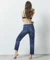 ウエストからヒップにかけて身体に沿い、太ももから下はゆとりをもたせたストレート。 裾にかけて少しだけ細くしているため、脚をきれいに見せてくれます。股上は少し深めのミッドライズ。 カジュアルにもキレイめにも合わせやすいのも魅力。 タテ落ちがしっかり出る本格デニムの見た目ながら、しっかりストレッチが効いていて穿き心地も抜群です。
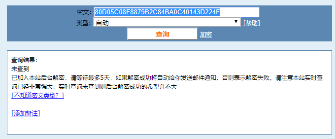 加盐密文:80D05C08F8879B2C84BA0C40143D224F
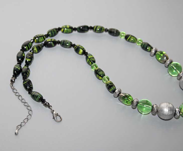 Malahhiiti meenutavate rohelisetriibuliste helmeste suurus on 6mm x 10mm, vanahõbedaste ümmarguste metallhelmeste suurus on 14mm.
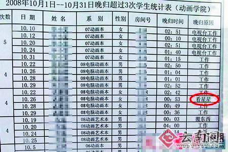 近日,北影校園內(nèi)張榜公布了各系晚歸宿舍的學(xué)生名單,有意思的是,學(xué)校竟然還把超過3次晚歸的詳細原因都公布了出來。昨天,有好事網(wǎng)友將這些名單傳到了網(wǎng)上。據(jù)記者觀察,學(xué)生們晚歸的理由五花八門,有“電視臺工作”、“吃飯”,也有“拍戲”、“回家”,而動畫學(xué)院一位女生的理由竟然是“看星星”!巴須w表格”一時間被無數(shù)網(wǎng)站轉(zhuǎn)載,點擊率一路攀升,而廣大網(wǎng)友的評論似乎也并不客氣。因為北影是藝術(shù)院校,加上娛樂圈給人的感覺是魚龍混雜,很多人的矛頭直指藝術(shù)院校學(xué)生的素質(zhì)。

#### What the exercise asks
Copy out all the data exactly. The images should not appear in the copy.

#### Result of this task
 ウエストからヒップにかけて身体に沿い、太ももから下はゆとりをもたせたストレート。 裾にかけて少しだけ細くしているため、脚をきれいに見せてくれます。股上は少し深めのミッドライズ。 カジュアルにもキレイめにも合わせやすいのも魅力。 タテ落ちがしっかり出る本格デニムの見た目ながら、しっかりストレッチが効いていて穿き心地も抜群です。
 加盐密文:80D05C08F8879B2C84BA0C40143D224F
 Malahhiiti meenutavate rohelisetriibuliste helmeste suurus on 6mm x 10mm, vanahõbedaste ümmarguste metallhelmeste suurus on 14mm.
 近日,北影校園內(nèi)張榜公布了各系晚歸宿舍的學(xué)生名單,有意思的是,學(xué)校竟然還把超過3次晚歸的詳細原因都公布了出來。昨天,有好事網(wǎng)友將這些名單傳到了網(wǎng)上。據(jù)記者觀察,學(xué)生們晚歸的理由五花八門,有“電視臺工作”、“吃飯”,也有“拍戲”、“回家”,而動畫學(xué)院一位女生的理由竟然是“看星星”!巴須w表格”一時間被無數(shù)網(wǎng)站轉(zhuǎn)載,點擊率一路攀升,而廣大網(wǎng)友的評論似乎也并不客氣。因為北影是藝術(shù)院校,加上娛樂圈給人的感覺是魚龍混雜,很多人的矛頭直指藝術(shù)院校學(xué)生的素質(zhì)。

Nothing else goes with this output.